On a sweltering afternoon at Northward Prison last week, the air was festive and hopes were high at the official opening of the new library and computer lab.
Inmates, prison staff, government officials, private donors and volunteers packed the tent outside the library to accommodate everyone attending the grand opening.
In his address, Minister of Education Rolston Anglin said the library and computer labs are important because they played a big part in an overall programme to rehabilitate prisoners and reduce recidivism.
‘If we can boost an individual’s employability in this way, we can also reduce their likelihood to re-offend, which in turn is a critical element in managing the growth of our prison population,’ said Mr. Anglin.
He added that the library and computer lab are important support services in the prison’s education programmes which also include reading, mathematics, liberal arts, technical subjects and IT.
A library also plays an important role in improving communication and life skills, according prisons commissioner Bill Rattray.
‘Many prisoners discover books and reading for the first time in prison,’ said Mr.

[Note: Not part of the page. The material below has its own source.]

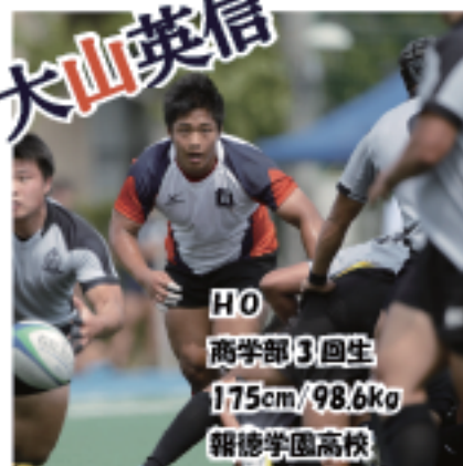
HO 商学部3回生 175cm/98.6kg 報徳学園高校

Rattray. ‘Some become avid readers, especially since there are few other pastimes available. Reaching out to prisoner ‘school failures’ and finding undiscovered talents through imaginative projects such as the ‘Writer From Within’ encourages creativity,’ he said.

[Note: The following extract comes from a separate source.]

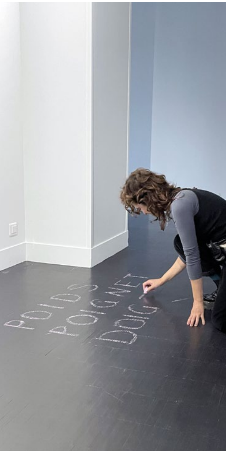
Madeleine Aktypi, Coulée continue / CŒUR LIQUIDE (étape de travail), 2024. Installation in situ , craie rose sur bois noir.

It also provides some prisoners the opportunity to train as library assistants to develop their work skills and enable them to experience responsibility, said Mr. Rattray.
‘These facilities are now a popular and integral part of the regime helping to prepare prisoners for release by offering them a civic facility for leisure, education and information,’ he added.
A team of inmates consisting of carpenters, plumbers, painters and electricians did the bulk of the work to transform an old cellblock into a library and computer lab, according to the inmate librarian Mitchell McCoy.
Mr. McCoy said there were approximately 5,000 titles within the library including books and publications on science, culture, law, mathematics, self-help, and fiction.
About one-third of the prison population had signed up for library cards by the time it opened, a strong signal that there is a high demand for these services.
Most of the books were donated by schools, private companies and individuals, including the Cayman Islands Law School, St. Matthews Cayman Islands Medical School, International College of the Cayman Islands, Cayman Islands Humane Society and Cayman Public Library.
A private individual from The Atlantic Group donated 20 new desktop computers for the lab. The computer lab also has four printers and Computer Comfort Zone set up the network system.
Female inmates from Fairbanks Prison, as well as young male offenders at Eagle House, will also be able to use the prison library.